Please copy exactly the lines from the first in the records through the line that contains "Step into elegance", but not the pictures.

Top of ENTRIES SHOWN

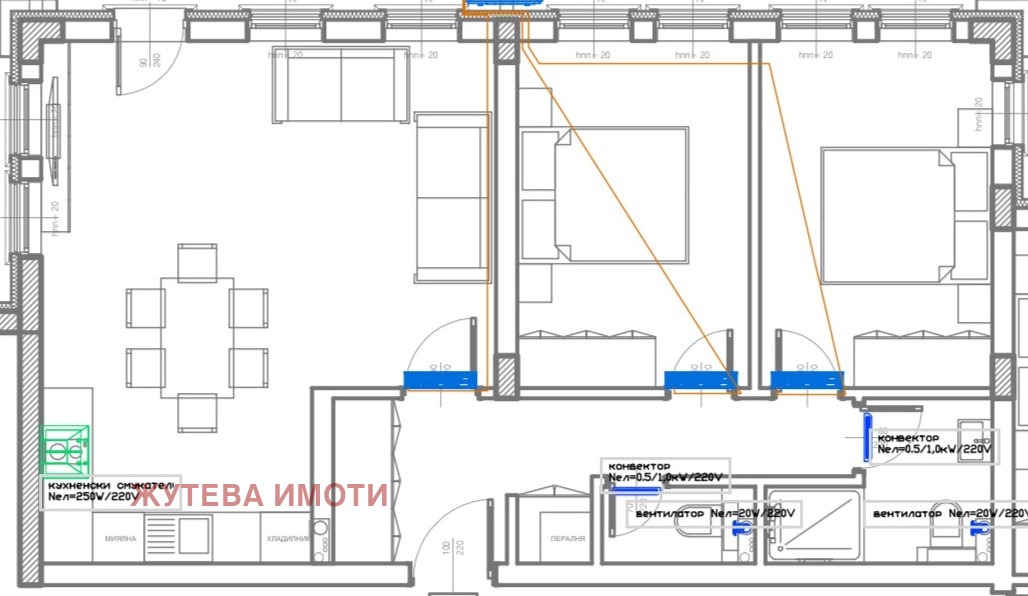 Състои се от просторен хол-всекидневна, две самостоятелни спални, два санитарни възела, мокро помещение и тераса.
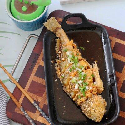 8、接着锅里面留少许的底油,把料汁都倒入,小火加热下最好加入几滴的熟油直接淋在炸好黄鱼身上就可以了。
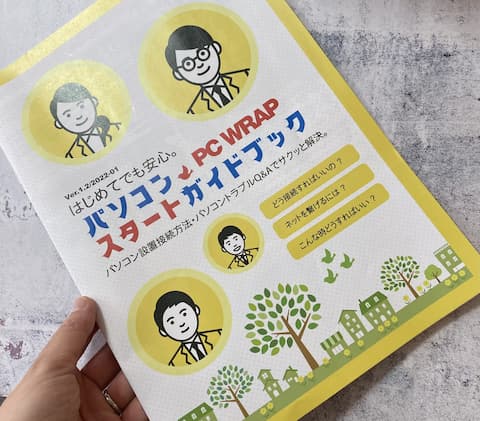 パソコンにはスタートガイドブックも同封されているので、ネット接続が分からない方でも安心。
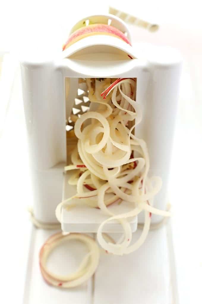Then when it comes to chopping, you won’t be needing to deal with that anymore because you can spiralize an apple in full! It takes about 20-30 seconds per apple to spiralize, which means you now have more time for crumble eating instead of crumble baking.
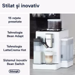 Espressor automat De’Longhi Rivelia EXAM440.55.W, 0132215473, 1450W, 18 tipuri de bauturi, 19 bari, 2 recipiente pentru boabe, Tehnologie Bean Adapt, Carafa de lapte cu tehnologie LatteCrema Hot, Alb
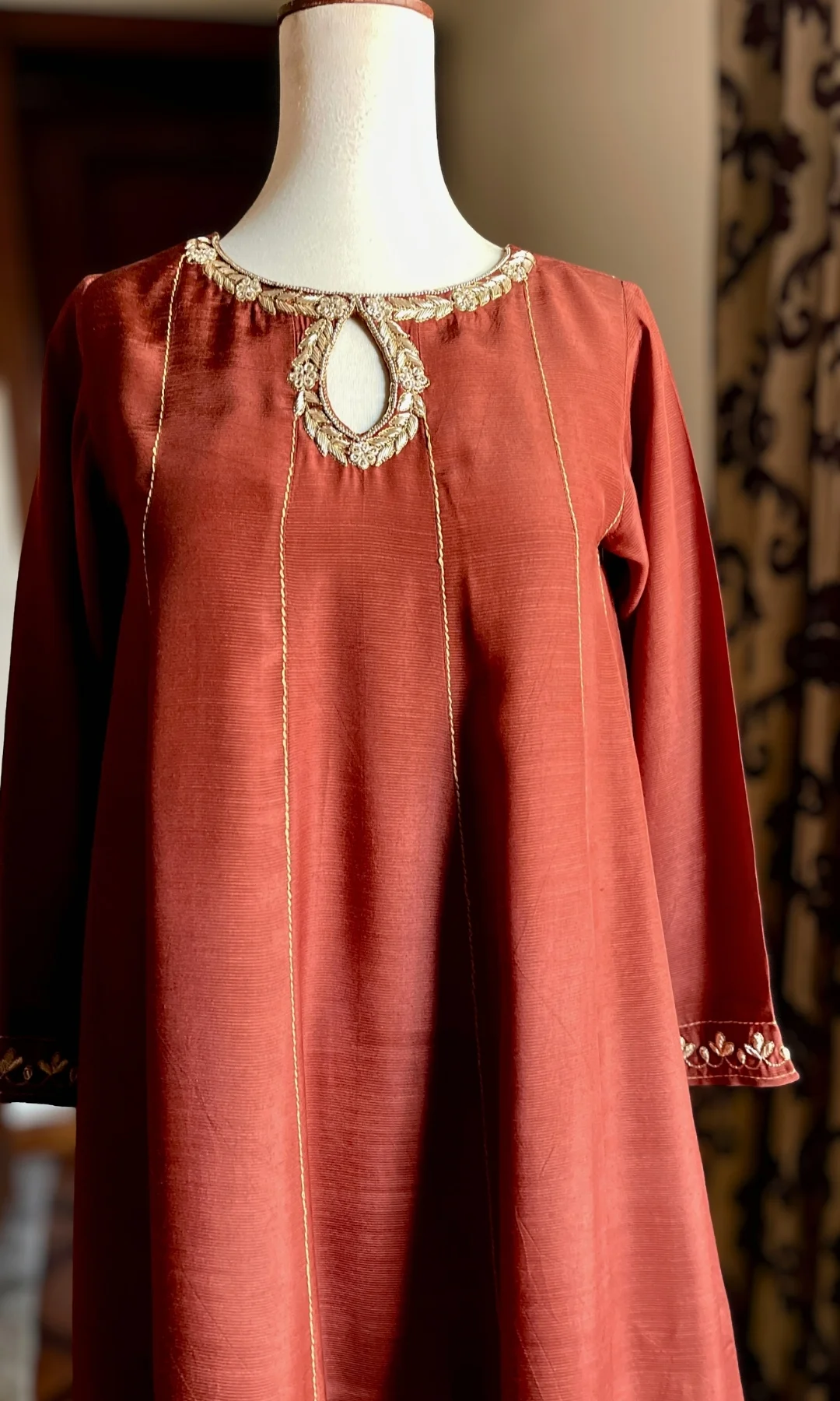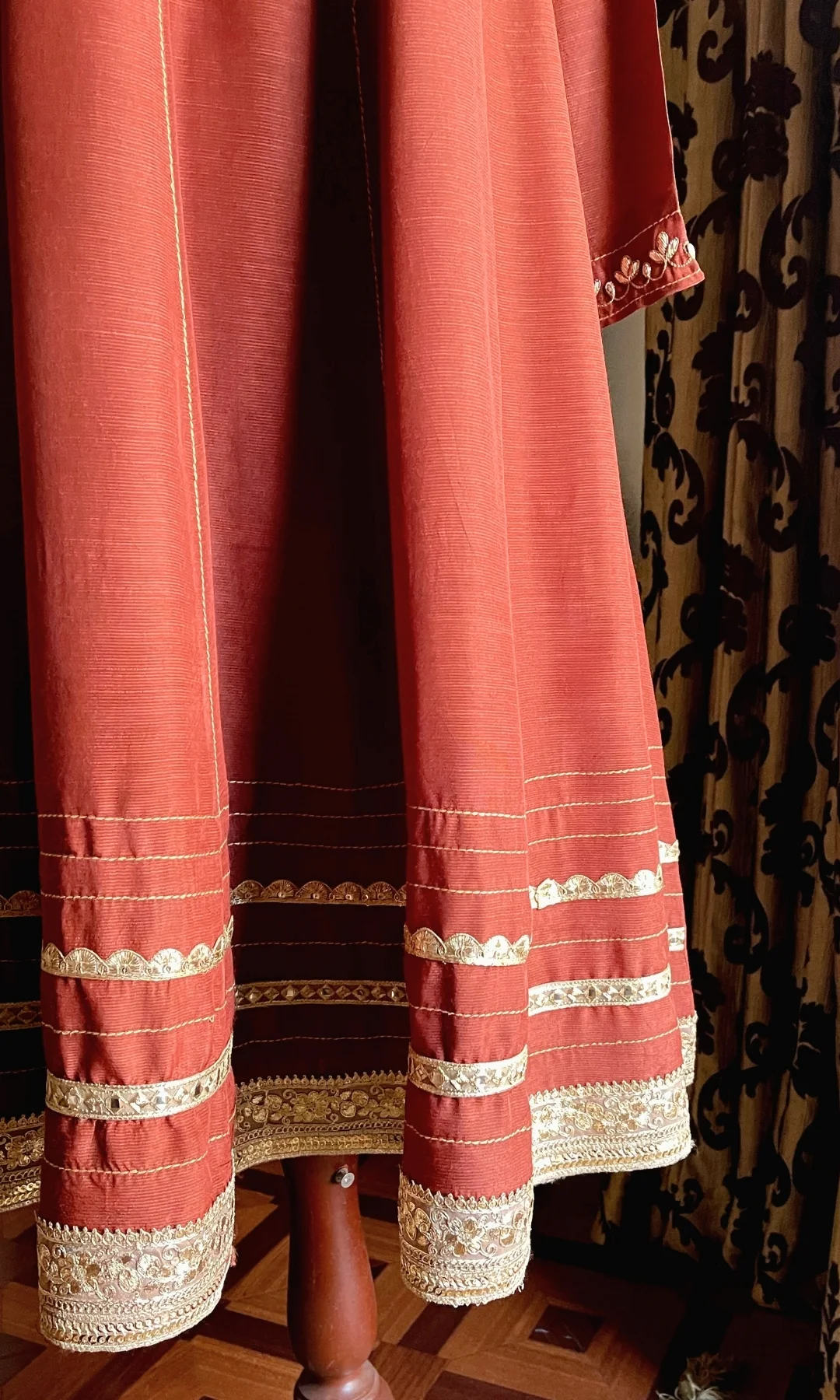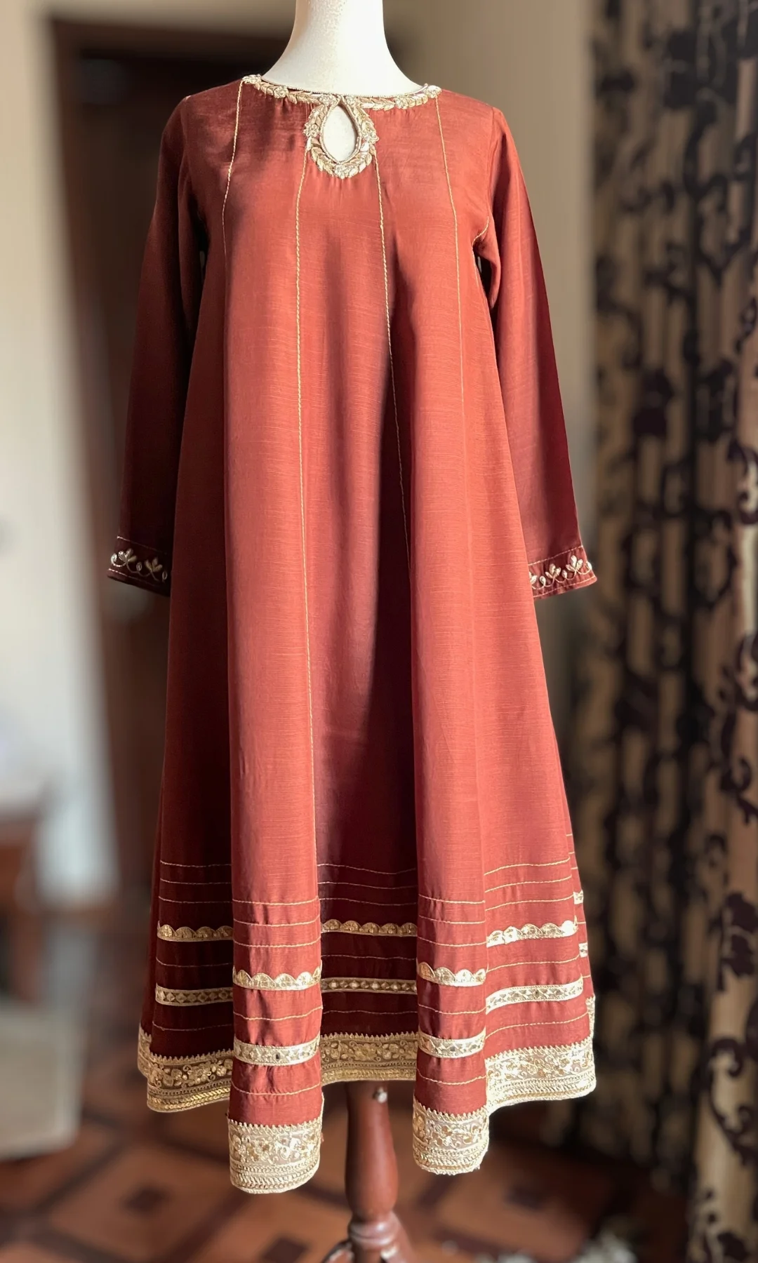 Step into elegance with this long A-line ensemble, featuring a keyhole neckline with hand-embroidered kora and sequin work alongside. Embroidered sleeves with detailing, and the lace work in daman complements the entire look. Paired with flared Raw silk Trouser. Dupatta finished on all sides.
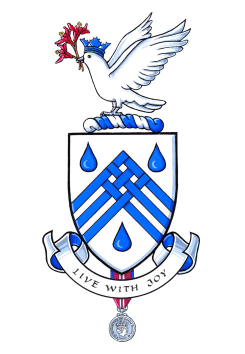 CimierBlasonUne colombe essorante d’argent ceinte d’une couronne érablée d’azur tenant dans son bec un bouquet de trois ancolies gracieuses au naturel; SymbolismeLa colombe représente le Saint-Esprit et la foi de Mme Kains. Les ancolies font référence à ses trois enfants ainsi qu’aux vertus chrétiennes de la foi, de l’espoir et de la charité. La couronne de feuilles d’érable symbolise le service au Canada. |

Bottom of ENTRIES SHOWN

## ANSWER SPACE
 Състои се от просторен хол-всекидневна, две самостоятелни спални, два санитарни възела, мокро помещение и тераса.
 8、接着锅里面留少许的底油,把料汁都倒入,小火加热下最好加入几滴的熟油直接淋在炸好黄鱼身上就可以了。
 パソコンにはスタートガイドブックも同封されているので、ネット接続が分からない方でも安心。
Then when it comes to chopping, you won’t be needing to deal with that anymore because you can spiralize an apple in full! It takes about 20-30 seconds per apple to spiralize, which means you now have more time for crumble eating instead of crumble baking.
 Espressor automat De’Longhi Rivelia EXAM440.55.W, 0132215473, 1450W, 18 tipuri de bauturi, 19 bari, 2 recipiente pentru boabe, Tehnologie Bean Adapt, Carafa de lapte cu tehnologie LatteCrema Hot, Alb
 Step into elegance with this long A-line ensemble, featuring a keyhole neckline with hand-embroidered kora and sequin work alongside. Embroidered sleeves with detailing, and the lace work in daman complements the entire look. Paired with flared Raw silk Trouser. Dupatta finished on all sides.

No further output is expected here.